EXERCISE AIM.
Exact copies of all the lines below are needed, without the pictures.

---- STUDY MATERIAL

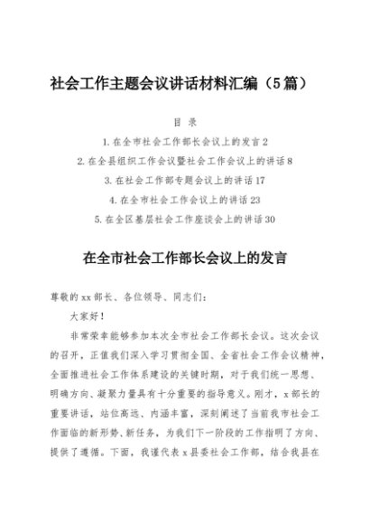 / 【七哥公文】2025年:社会工作主题会议讲话材料汇编(5篇)+更多免费公文+VX:QiGeGongWen2024
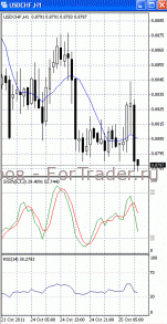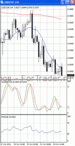 Пара движется к уровню поддержки 0.8770. Если он будет пройден, стоит ждать дальнейшего падения, первичной целью которого, скорее всего, станет отметка 0.87. Возможность такого исхода позволяет предположить и то, что на 4-х часовом графике (рис.1) МА (10) и МА (100) устремлены вниз. Нисходящую направленность приобретают и оба осциллятора.
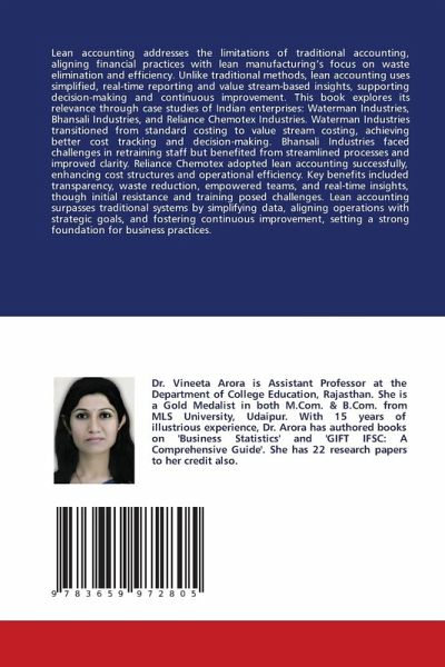 Lean accounting addresses the limitations of traditional accounting, aligning financial practices with lean manufacturing's focus on waste elimination and efficiency. Unlike traditional methods, lean accounting uses simplified, real-time reporting and value stream-based insights, supporting decision-making and continuous improvement. This book explores its relevance through case studies of Indian enterprises: Waterman Industries, Bhansali Industries, and Reliance Chemotex Industries. Waterman Industries transitioned from standard costing to value stream costing, achieving better cost tracking and decision-making. Bhansali Industries faced challenges in retraining staff but benefited from streamlined processes and improved clarity. Reliance Chemotex adopted lean accounting successfully, enhancing cost structures and operational efficiency. Key benefits included transparency, waste reduction, empowered teams, and real-time insights, though initial resistance and training posed challenges. Lean accounting surpasses traditional systems by simplifying data, aligning operations with strategic goals, and fostering continuous improvement, setting a strong foundation for business practices.
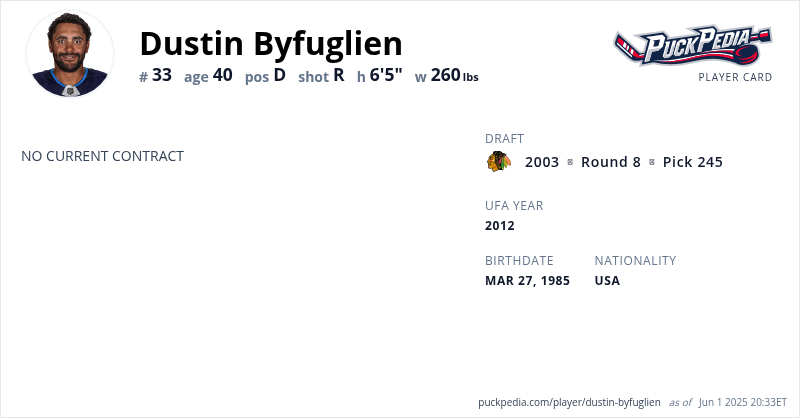 Dustin Byfuglien is an Unrestricted Free Agent. His last contract was 5 years, $38,000,000 with a cap hit of $7,600,000 per season. It expired at the end of the 2020-21 season.
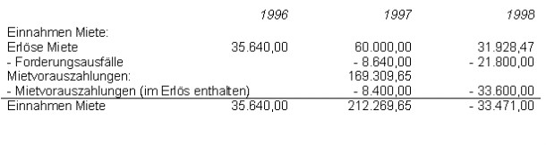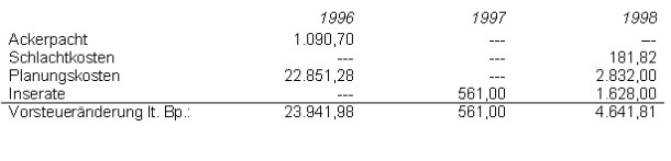 Die Vorsteuern der Jahre 1996 - 1989 waren wie folgt zu berichtigen:
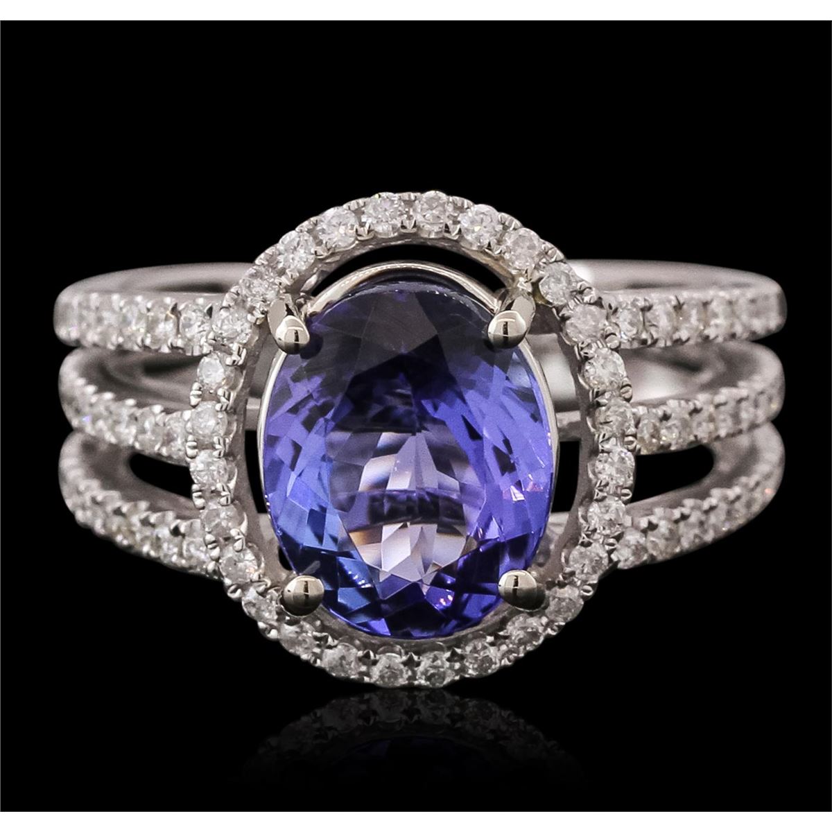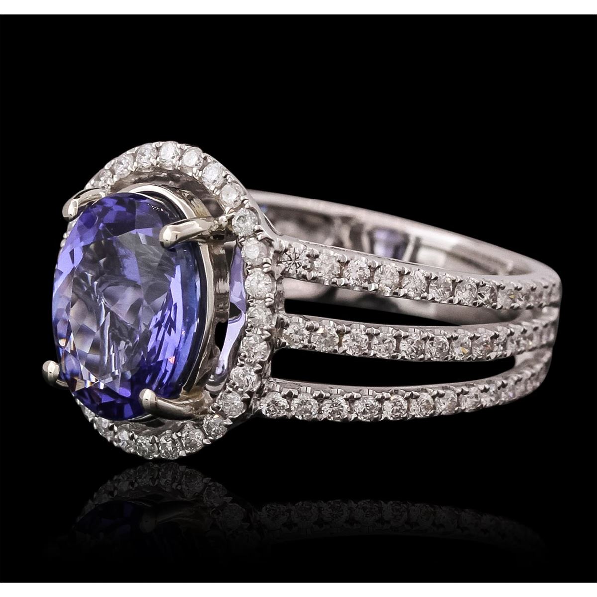 One electronically tested 14KT white gold ladies cast tanzanite & diamond ring with a bright finish. The featured tanzanite is set within an inner white gold basket and an outer diamond set bezel, supported by an elaborate white gold under gallery and diamond set set shoulders, completed by a four and one half millimeter wide band. Identified with markings of "14K". Condition is new, good workmanship. Containing: One prong set oval mixed cut natural tanzanite, measuring 10.10 x 8.10 x 4.50mm, 4% bulge factor, approximate weight of 2.60ct., clarity is eye clean, type I, medium dark, very slightly grayish, violetish blue color, (GIA vB 6/3), cut is good. Transmitting light with no distortion, transparent. Graded in the setting. Tanzanite is a very rare gemstone that is only found in the country of Tanzania. Tanzanite was originally discovered in 1967. Tiffany & Company, named the stone "Tanzanite" after the country of origin. Tanzanite is found in the Usumburu Mountains that border the Umba Valley of northern Tanzania. This region is inhabited by the Masai tribes-people. The mining area is located just south of the Kenya border near Mt. Kilimanjaro. Tanzanite occurs in colors of gray, brown, violet, blue, reddish-purple, & green. The gem is interesting because of its exceptional pleochroism. Rotated in different directions a tanzanite will exhibit multiple changes of color. Tanzanite has a low tolerance to ultrasonic cleaning, and should not be cleaned using this method. One Hundred Six prong set round brilliant cut diamonds, measuring 1.30 - 1.30 x 0.79mm (depth est.) approximate total weight of 106 Stones = 0.86ct. Graded in the setting. Clarity: I-1 to I-2. Color: H - I. Total Weight of Colored Stones 2.60ct. Total Weight of Diamonds 0.86ct. Total Weight of Ring 5.31 grams. AIG Appraised at $9,050.00.
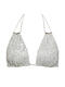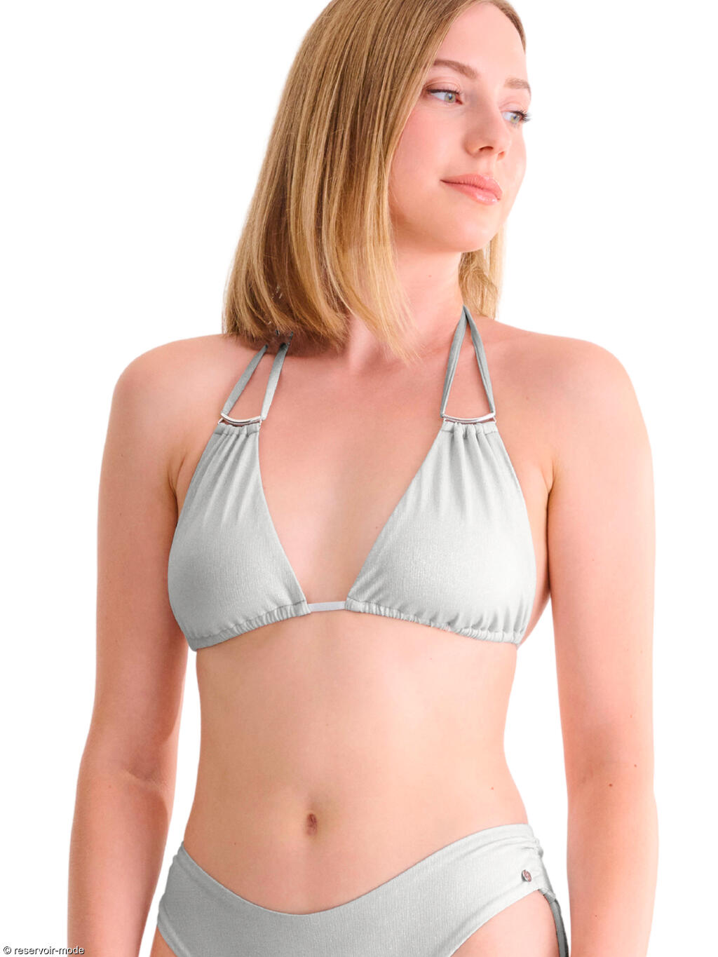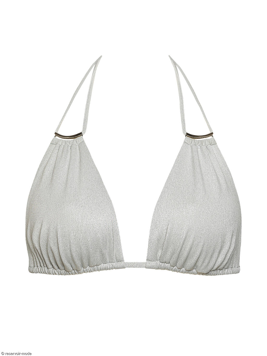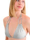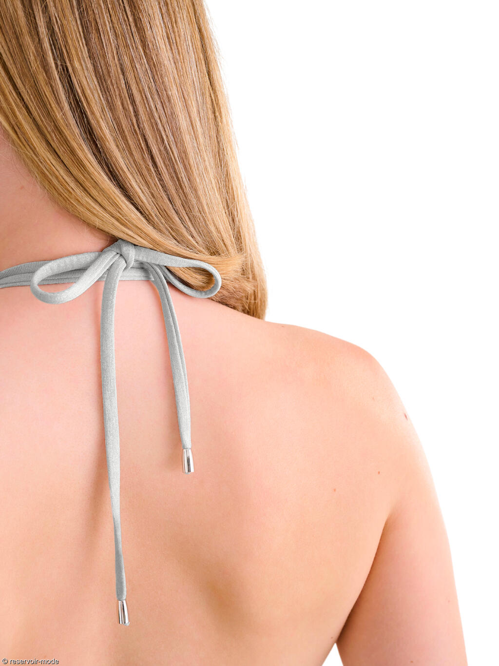 Soutien-gorge triangle léger avec fermeture à nouer dans le cou et dans le dos. Bonnets préformés avec un rembourrage léger et souple. Bordure argentée avec bretelles comme détail décoratif sur le haut des bonnets. Bonnets amovibles et ajustables à la largeur souhaitée à l'aide de la bretelle sous la poitrine.
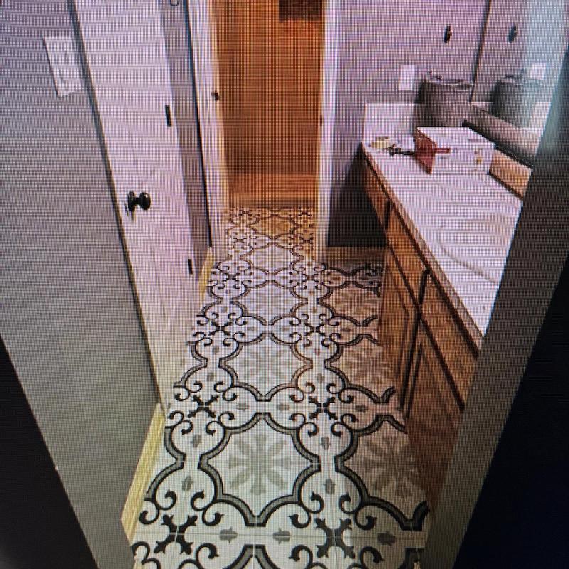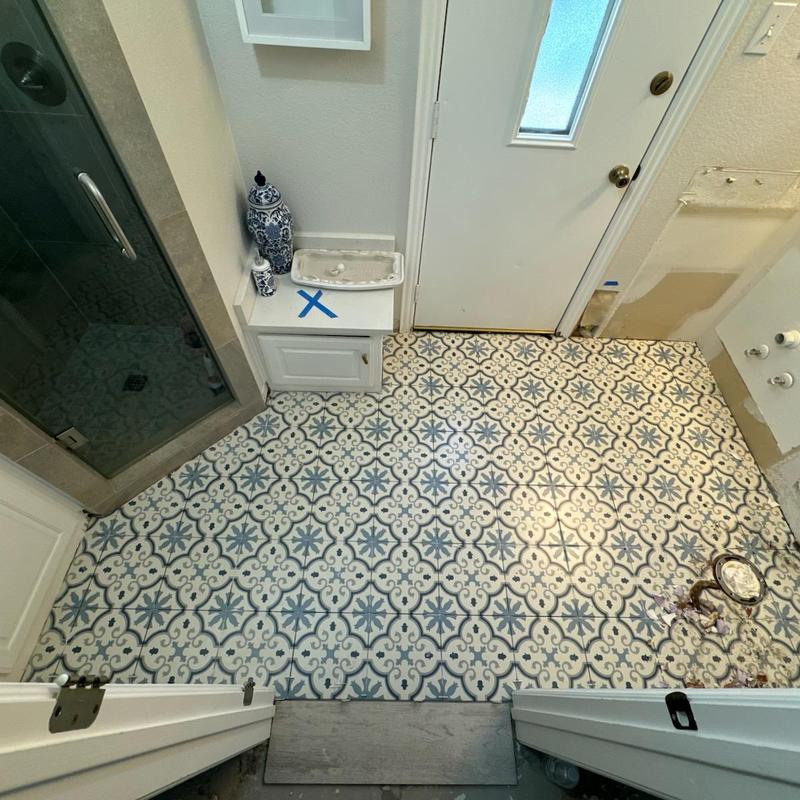 DFW Flooring Warehouse installed 8x48 Weathered Spring flooring and 10x10 Montecarlo Blue Patterned tiles in bathrooms and a laundry room in Arlington, Texas. This service combined durable flooring with stylish tile patterns for cohesive results.
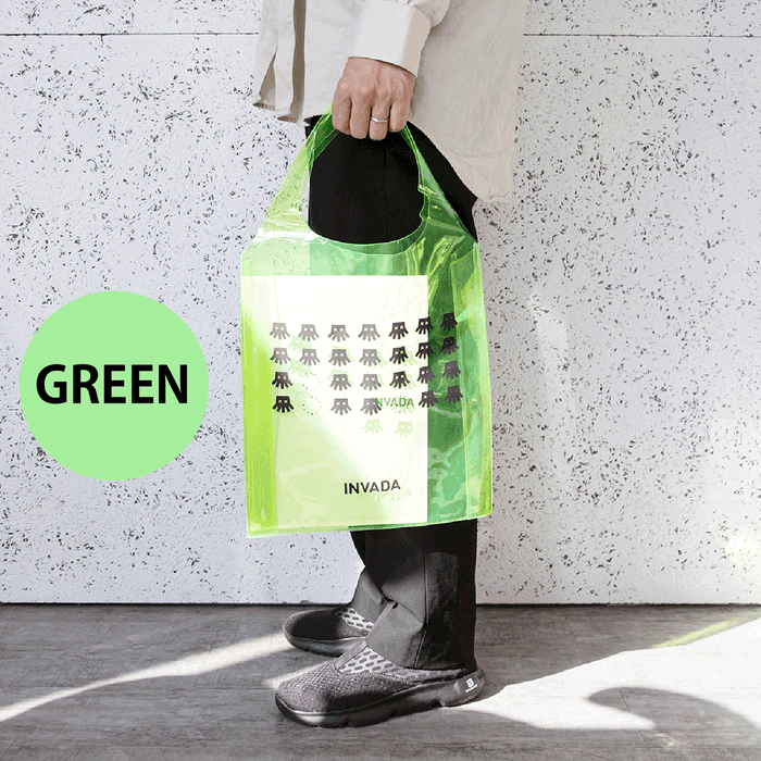 INVADAらしい賑やかなムードのグリーンと、シンプルでかわいいクリアカラーの2種類をご用意しました!(色はランダムでお送りします。)
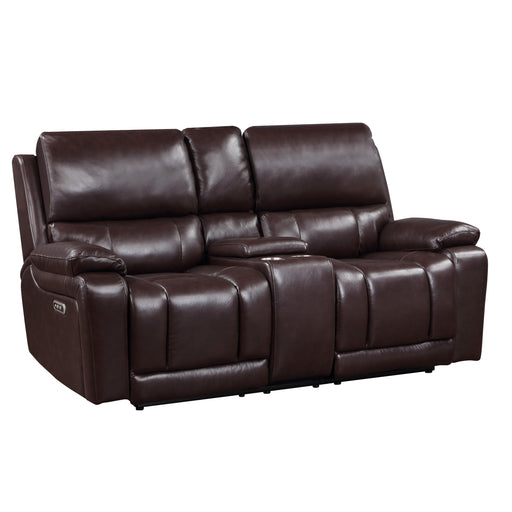 JOSHUA LEATHER CONSOLE LOVESEAT W/ PWR FR & HR-DK BROWN
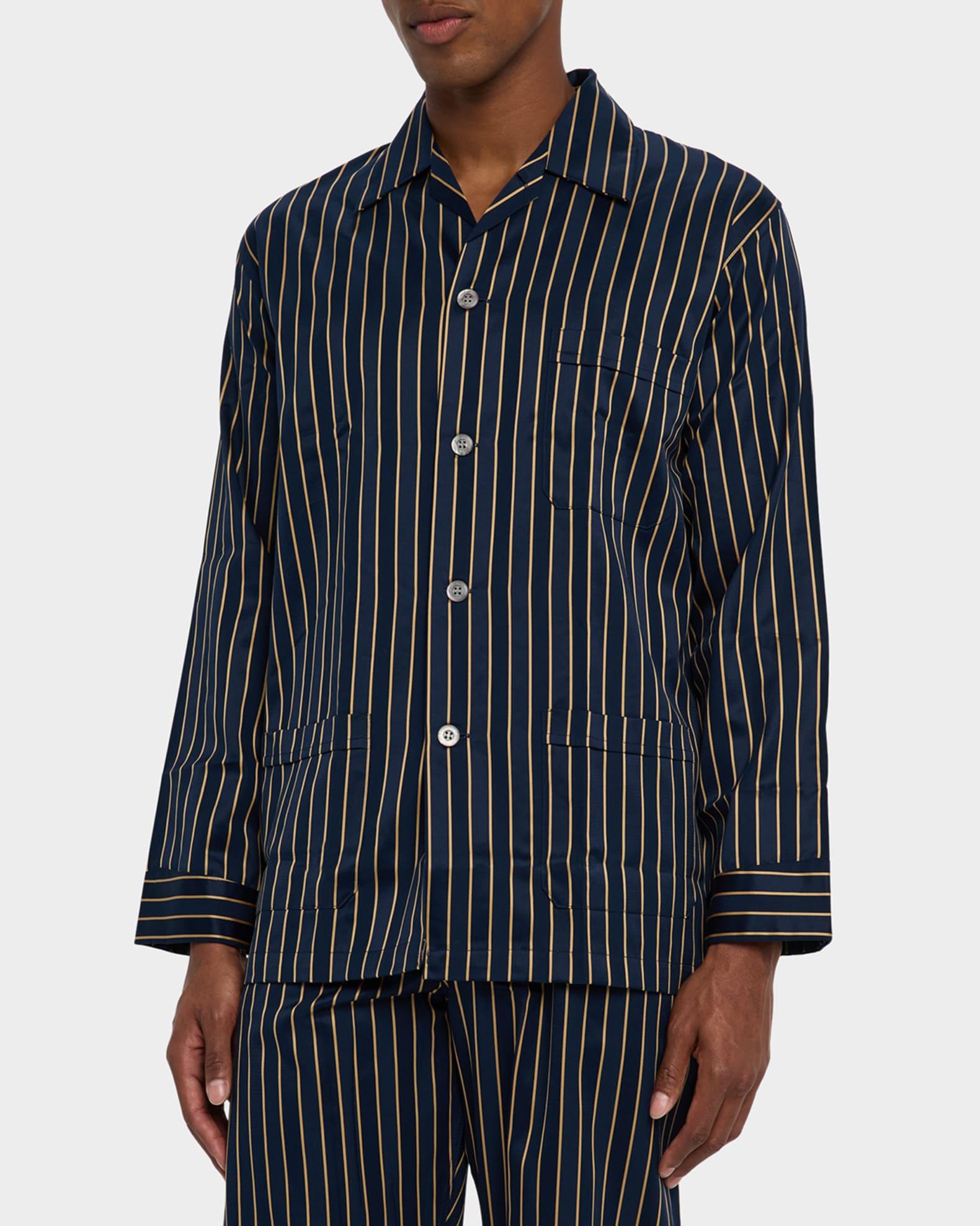 Derek Rose two-piece pajama set in smooth satin adorned with classic pinstripes Better Cotton Initiative Cotton Machine wash Made in Czech Republic Pajama shirt: Approx. 24"L from shoulder to hem Notch collar Button front Three front patch pockets Long sleeves; approx. 25.5"L Pajama pants: Relaxed legs Pull-on style

--------

EXERCISE SOLUTION.
 / 【七哥公文】2025年:社会工作主题会议讲话材料汇编(5篇)+更多免费公文+VX:QiGeGongWen2024
 Пара движется к уровню поддержки 0.8770. Если он будет пройден, стоит ждать дальнейшего падения, первичной целью которого, скорее всего, станет отметка 0.87. Возможность такого исхода позволяет предположить и то, что на 4-х часовом графике (рис.1) МА (10) и МА (100) устремлены вниз. Нисходящую направленность приобретают и оба осциллятора.
 Lean accounting addresses the limitations of traditional accounting, aligning financial practices with lean manufacturing's focus on waste elimination and efficiency. Unlike traditional methods, lean accounting uses simplified, real-time reporting and value stream-based insights, supporting decision-making and continuous improvement. This book explores its relevance through case studies of Indian enterprises: Waterman Industries, Bhansali Industries, and Reliance Chemotex Industries. Waterman Industries transitioned from standard costing to value stream costing, achieving better cost tracking and decision-making. Bhansali Industries faced challenges in retraining staff but benefited from streamlined processes and improved clarity. Reliance Chemotex adopted lean accounting successfully, enhancing cost structures and operational efficiency. Key benefits included transparency, waste reduction, empowered teams, and real-time insights, though initial resistance and training posed challenges. Lean accounting surpasses traditional systems by simplifying data, aligning operations with strategic goals, and fostering continuous improvement, setting a strong foundation for business practices.
 Dustin Byfuglien is an Unrestricted Free Agent. His last contract was 5 years, $38,000,000 with a cap hit of $7,600,000 per season. It expired at the end of the 2020-21 season.
 Die Vorsteuern der Jahre 1996 - 1989 waren wie folgt zu berichtigen:
 One electronically tested 14KT white gold ladies cast tanzanite & diamond ring with a bright finish. The featured tanzanite is set within an inner white gold basket and an outer diamond set bezel, supported by an elaborate white gold under gallery and diamond set set shoulders, completed by a four and one half millimeter wide band. Identified with markings of "14K". Condition is new, good workmanship. Containing: One prong set oval mixed cut natural tanzanite, measuring 10.10 x 8.10 x 4.50mm, 4% bulge factor, approximate weight of 2.60ct., clarity is eye clean, type I, medium dark, very slightly grayish, violetish blue color, (GIA vB 6/3), cut is good. Transmitting light with no distortion, transparent. Graded in the setting. Tanzanite is a very rare gemstone that is only found in the country of Tanzania. Tanzanite was originally discovered in 1967. Tiffany & Company, named the stone "Tanzanite" after the country of origin. Tanzanite is found in the Usumburu Mountains that border the Umba Valley of northern Tanzania. This region is inhabited by the Masai tribes-people. The mining area is located just south of the Kenya border near Mt. Kilimanjaro. Tanzanite occurs in colors of gray, brown, violet, blue, reddish-purple, & green. The gem is interesting because of its exceptional pleochroism. Rotated in different directions a tanzanite will exhibit multiple changes of color. Tanzanite has a low tolerance to ultrasonic cleaning, and should not be cleaned using this method. One Hundred Six prong set round brilliant cut diamonds, measuring 1.30 - 1.30 x 0.79mm (depth est.) approximate total weight of 106 Stones = 0.86ct. Graded in the setting. Clarity: I-1 to I-2. Color: H - I. Total Weight of Colored Stones 2.60ct. Total Weight of Diamonds 0.86ct. Total Weight of Ring 5.31 grams. AIG Appraised at $9,050.00.
 Soutien-gorge triangle léger avec fermeture à nouer dans le cou et dans le dos. Bonnets préformés avec un rembourrage léger et souple. Bordure argentée avec bretelles comme détail décoratif sur le haut des bonnets. Bonnets amovibles et ajustables à la largeur souhaitée à l'aide de la bretelle sous la poitrine.
 DFW Flooring Warehouse installed 8x48 Weathered Spring flooring and 10x10 Montecarlo Blue Patterned tiles in bathrooms and a laundry room in Arlington, Texas. This service combined durable flooring with stylish tile patterns for cohesive results.
 INVADAらしい賑やかなムードのグリーンと、シンプルでかわいいクリアカラーの2種類をご用意しました!(色はランダムでお送りします。)
 JOSHUA LEATHER CONSOLE LOVESEAT W/ PWR FR & HR-DK BROWN
 Derek Rose two-piece pajama set in smooth satin adorned with classic pinstripes Better Cotton Initiative Cotton Machine wash Made in Czech Republic Pajama shirt: Approx. 24"L from shoulder to hem Notch collar Button front Three front patch pockets Long sleeves; approx. 25.5"L Pajama pants: Relaxed legs Pull-on style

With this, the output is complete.